Requests between Ergonode and App are signed using JWT tokens.
These tokens allow the safe exchange of custom data(claims) between two parties.
The token contains claims describing the context of the execution - what specific installation the token is referencing etc.
The token is always available in X-APP-TOKEN
HTTP header with a signature signed using HMAC SHA-256.
Note you should not be forced to implement JWT authentication on your own.
There are multiple well-developed and acknowledged open-source solutions to handle the issue.
To authenticate the token firstly, on App installation, a handshake is exchanged.

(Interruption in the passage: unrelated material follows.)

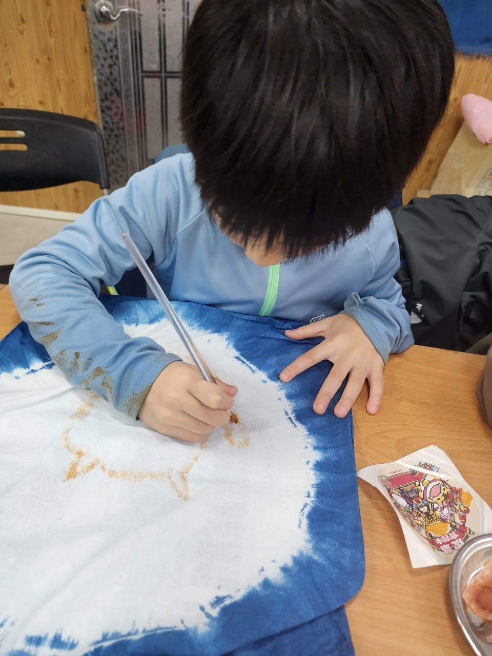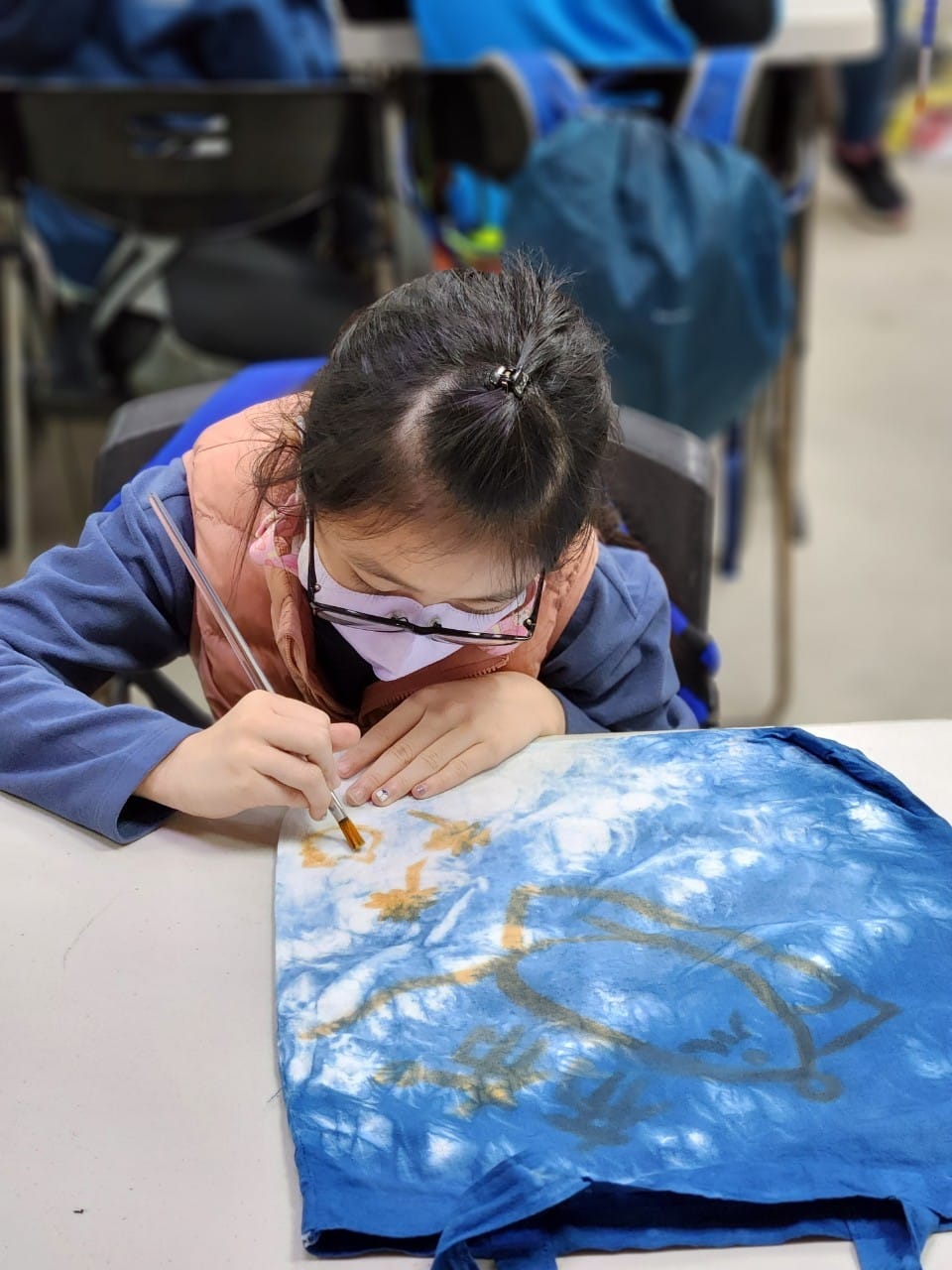孩子每天走一段古道,帶著古道上見證的、人與自然互動的故事,帶著地、水、火、風的滋養,回到農場,動起手腳工作。他們煮自己的午餐,協助收成段木香菇、山藥零餘子,榨薯榔汁液作染布顏料,學習藍染;最後,用自己採集植物,為自己的袋子染上顏色。他們用身體,用靈魂,經驗到「青出於藍,勝於藍」。

Handshake is a request to [POST] /handshake
path of your App.
It contains two important pieces of information:
X-APP-TOKEN
HTTP header
shared secret in the request body
This secret should be persisted, i.e. the database of choice, and kept by your App safe with information about the app installation it belongs to and the Ergonode API URL retrieved from claims:
app_installation_id
api_url
All the following requests by Ergonode to an App should be authenticated using this secret.

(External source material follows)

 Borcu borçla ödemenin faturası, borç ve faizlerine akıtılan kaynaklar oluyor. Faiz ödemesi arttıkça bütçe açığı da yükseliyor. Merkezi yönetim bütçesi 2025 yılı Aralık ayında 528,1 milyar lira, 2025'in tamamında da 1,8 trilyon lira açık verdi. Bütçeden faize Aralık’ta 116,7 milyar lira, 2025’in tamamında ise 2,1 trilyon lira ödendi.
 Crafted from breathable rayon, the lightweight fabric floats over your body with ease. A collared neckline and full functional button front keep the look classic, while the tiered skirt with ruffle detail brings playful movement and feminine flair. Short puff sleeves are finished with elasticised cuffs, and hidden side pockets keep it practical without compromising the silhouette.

You should also encrypt the shared secret within the persistent storage so it is not easily retrievable.
The response status has to be 2xx to process installation appropriately.

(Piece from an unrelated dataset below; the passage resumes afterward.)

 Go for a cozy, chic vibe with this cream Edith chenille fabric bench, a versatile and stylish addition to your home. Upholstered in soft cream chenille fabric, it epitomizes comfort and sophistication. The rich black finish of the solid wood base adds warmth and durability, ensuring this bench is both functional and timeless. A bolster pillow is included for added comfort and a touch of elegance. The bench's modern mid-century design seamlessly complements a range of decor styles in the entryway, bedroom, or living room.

Steps to verify whether the request is coming for a specific App installation from Ergonode
obtain the token from X-APP-TOKEN
HTTP header of the request
extract the app_installation_id
claim from the JWT without signature verification
retrieve shared secret persisted on the handshake
verify JWTs signature using HMAC SHA-256 algorithm and the shared secret
Steps to create an appropriate token authenticating in Ergonode API
establish the App installation ID
create claims - at the very minimum the following claims are required: app_installation_id
, nbf
(not before), iat
(issued at), exp
(expiration time)
retrieve, persisted on the handshake, shared secret
create JWT with signature signed with HMAC SHA-256 algorithm and the shared secret
send the token as X-APP-TOKEN
HTTP header to Ergonode API URL from handshake
Alternatively, on the requests from the Ergonode, i.e. in synchronization context, you can reuse the token provided by the Ergonode.